Without more money, Maryland's nationally recognized farmland preservation efforts are likely to fall as much as 40 percent short of the goal set two years ago to spare 1 million acres of fields and forests from being turned into houses and shopping centers, warns a legislative task force.
The task force -- which included farm interests, legislators, local officials and environmentalists -- issued its final report this week and called for a combination of borrowing and new taxes on land and land sales to close a projected $800 million gap between what funds are expected from current taxes and the goal.
"One way or another, we're not going to get where we're supposed to go unless something happens," said James Conrad, executive director of the Maryland Agricultural Land Preservation Foundation, the state-funded entity that buys development rights from farm owners.
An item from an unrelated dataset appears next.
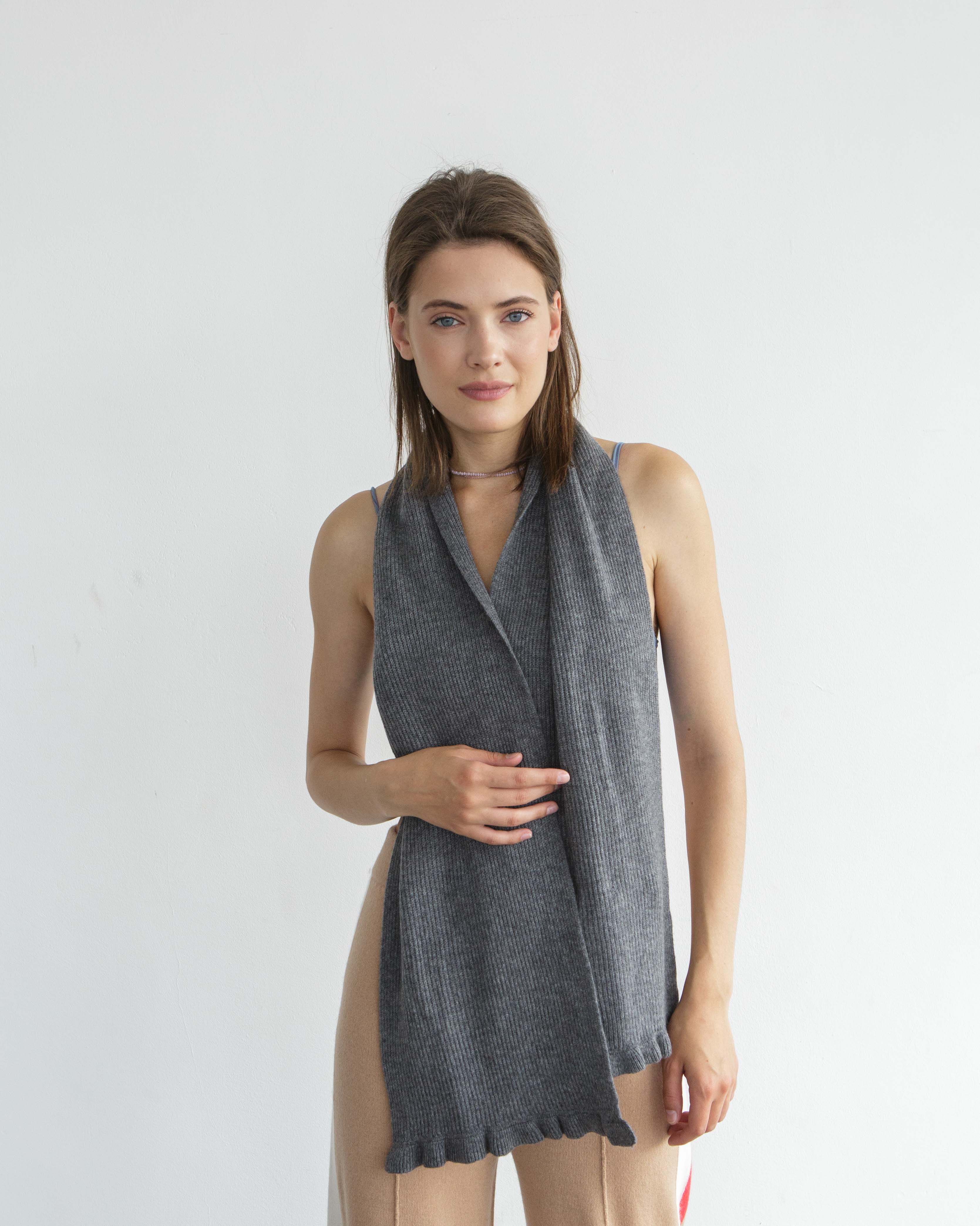 Лёгкий, мягкий и пластичный аксессуар, который можно носить разными способами — свободно на плечах, обернув вокруг шеи или создавая многослойную драпировку. Подходит для повседневной носки, деловых образов и путешествий.

Rising real estate prices and the diversion of funds to cover the state's budget crisis have hampered the effort, the task force said. It called for stretching available funds by making installment purchases of farmers' development rights, and for targeting efforts on saving remaining valuable farmland in blocs designated as "priority preservation areas."
State officials, legislators and farm interests expressed sympathy for the preservation effort's difficulties, but few seemed willing to endorse new taxes.
"Obviously, the program has faced challenges over the years due to fiscal constraints, but Maryland remains a leader," said Shareese DeLeaver, Gov. Robert L. Ehrlich Jr.'s press secretary. "As more funding becomes available and the economy improves we hope to do more in the future."
Sen. Ulysses Currie, a Prince George's County Democrat and chairman of the Budget and Taxation Committee, said the recommendations were unrealistic in the state's current fiscal climate and that agricultural preservation would have to take a "back seat" this year.
The state is looking at future gaps between revenues and expenses of more than $1 billion. "With a billion-dollar problem and the other priorities of the state -- health care, school construction -- I doubt very seriously the legislature would look at increasing taxes for ag preservation," Currie said.
To help raise the extra $800 million expected to be needed over the next 16 years, the task force urged policy-makers to consider several real estate tax measures, including doubling the levy on sales of farmland for development and imposing a surcharge on nonfarmland in rural areas. The report also calls for closing a loophole that allows corporations to avoid paying real estate transfer taxes.
All the taxes proposed are directly related to the state's goal of saving prime agricultural land from sprawl development, Conrad said.
But some task force members were lukewarm about the tax proposals.
Valerie Connelly, chief lobbyist for the Maryland Farm Bureau, said farmers believe the effort needs a financial shot in the arm, but the group was not specifically endorsing any funding mechanism.
State Sen. Roy P. Dyson, a St. Mary's Democrat who served on the panel, said he has "reservations" about raising taxes for preservation, but he called on the governor to restore some of the funds already cut from the program.
"The bottom line is we ought to try to preserve ag land," Dyson said. "My area's just seeing incredible growth, and developments are going into what used to be farms."
Sun staff writer David Nitkin contributed to this article.